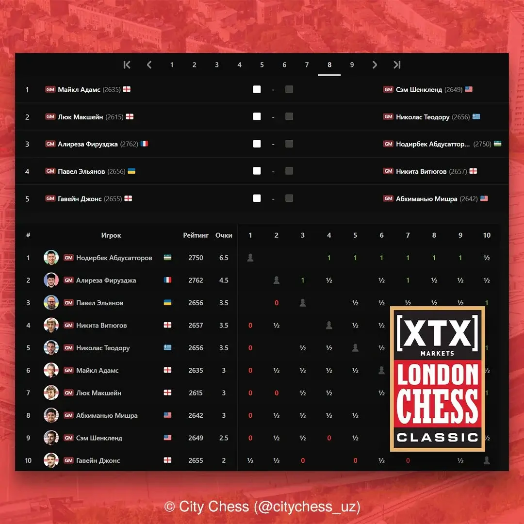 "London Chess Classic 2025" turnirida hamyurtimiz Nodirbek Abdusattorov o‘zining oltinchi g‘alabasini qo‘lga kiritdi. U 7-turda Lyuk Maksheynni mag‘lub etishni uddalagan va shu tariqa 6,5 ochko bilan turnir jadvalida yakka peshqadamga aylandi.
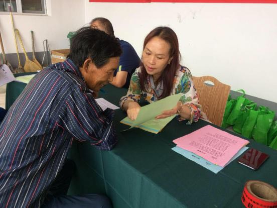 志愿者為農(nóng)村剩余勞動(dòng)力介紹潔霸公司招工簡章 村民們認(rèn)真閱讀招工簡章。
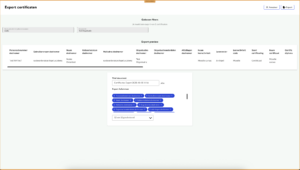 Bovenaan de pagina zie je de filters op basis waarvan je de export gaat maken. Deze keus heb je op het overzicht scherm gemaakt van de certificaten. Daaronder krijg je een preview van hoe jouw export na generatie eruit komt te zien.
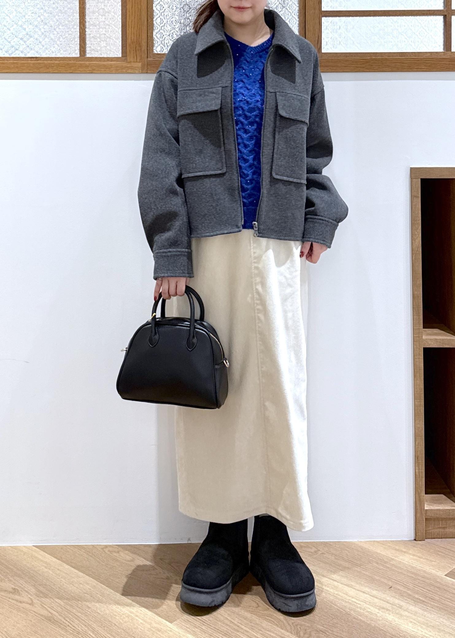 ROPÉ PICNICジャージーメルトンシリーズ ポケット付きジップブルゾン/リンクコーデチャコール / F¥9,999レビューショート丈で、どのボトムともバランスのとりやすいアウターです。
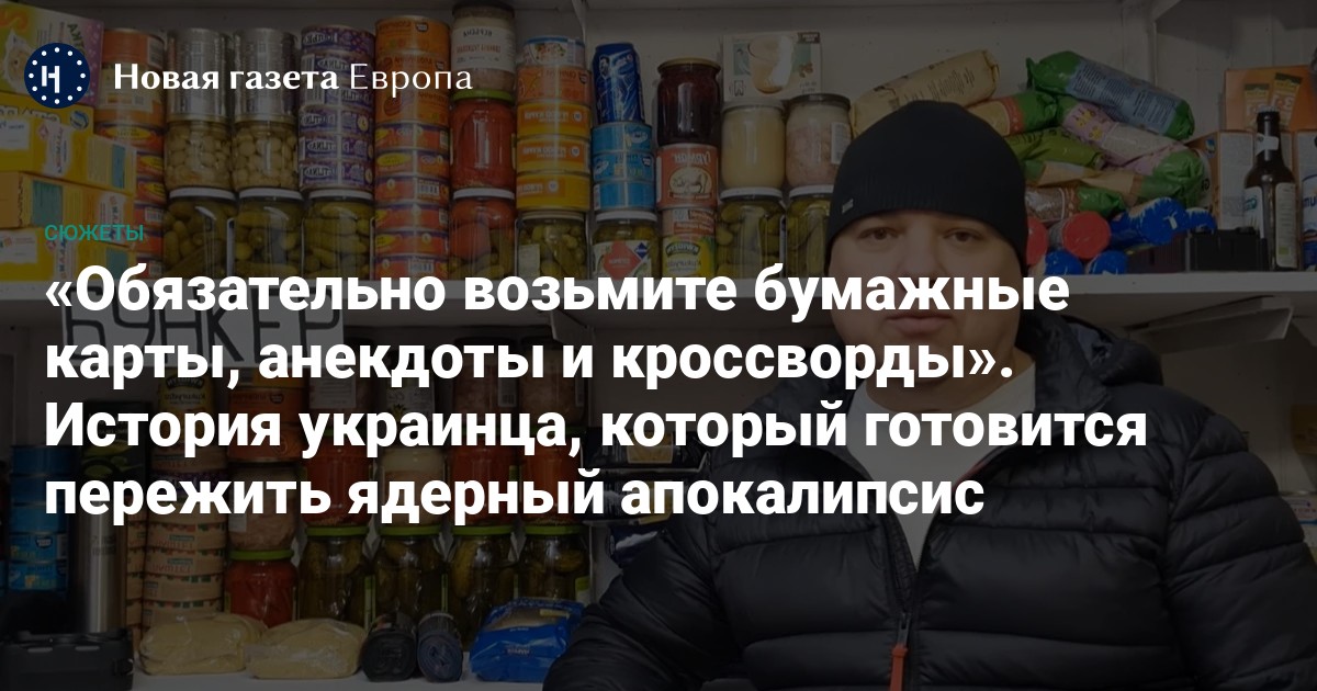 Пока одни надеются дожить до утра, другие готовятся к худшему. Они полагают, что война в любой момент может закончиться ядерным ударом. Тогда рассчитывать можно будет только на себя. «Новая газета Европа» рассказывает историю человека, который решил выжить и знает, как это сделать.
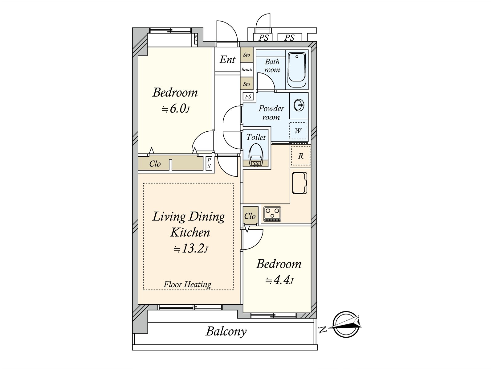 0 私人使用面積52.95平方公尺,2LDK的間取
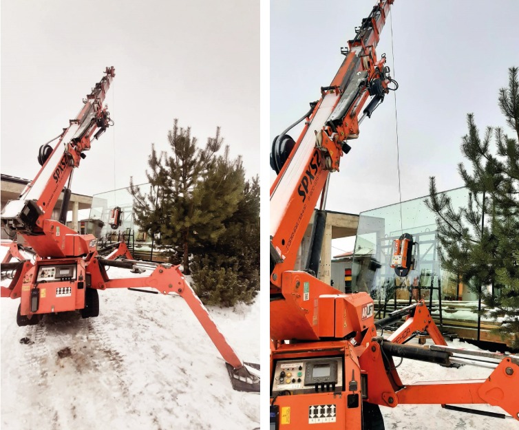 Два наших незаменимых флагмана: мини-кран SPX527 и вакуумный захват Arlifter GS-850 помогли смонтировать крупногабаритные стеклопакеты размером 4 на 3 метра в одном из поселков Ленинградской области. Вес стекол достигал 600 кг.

┄┄┄┄┄┄┄┄┄┄┄┄┄┄┄┄┄┄┄┄

WHAT IS BEING ASKED ▸ Exact repetition of the data is needed, with no images retained.

WRITTEN SOLUTION ▸
 "London Chess Classic 2025" turnirida hamyurtimiz Nodirbek Abdusattorov o‘zining oltinchi g‘alabasini qo‘lga kiritdi. U 7-turda Lyuk Maksheynni mag‘lub etishni uddalagan va shu tariqa 6,5 ochko bilan turnir jadvalida yakka peshqadamga aylandi.
 志愿者為農(nóng)村剩余勞動(dòng)力介紹潔霸公司招工簡章 村民們認(rèn)真閱讀招工簡章。
 Bovenaan de pagina zie je de filters op basis waarvan je de export gaat maken. Deze keus heb je op het overzicht scherm gemaakt van de certificaten. Daaronder krijg je een preview van hoe jouw export na generatie eruit komt te zien.
 ROPÉ PICNICジャージーメルトンシリーズ ポケット付きジップブルゾン/リンクコーデチャコール / F¥9,999レビューショート丈で、どのボトムともバランスのとりやすいアウターです。
 Пока одни надеются дожить до утра, другие готовятся к худшему. Они полагают, что война в любой момент может закончиться ядерным ударом. Тогда рассчитывать можно будет только на себя. «Новая газета Европа» рассказывает историю человека, который решил выжить и знает, как это сделать.
 0 私人使用面積52.95平方公尺,2LDK的間取
 Два наших незаменимых флагмана: мини-кран SPX527 и вакуумный захват Arlifter GS-850 помогли смонтировать крупногабаритные стеклопакеты размером 4 на 3 метра в одном из поселков Ленинградской области. Вес стекол достигал 600 кг.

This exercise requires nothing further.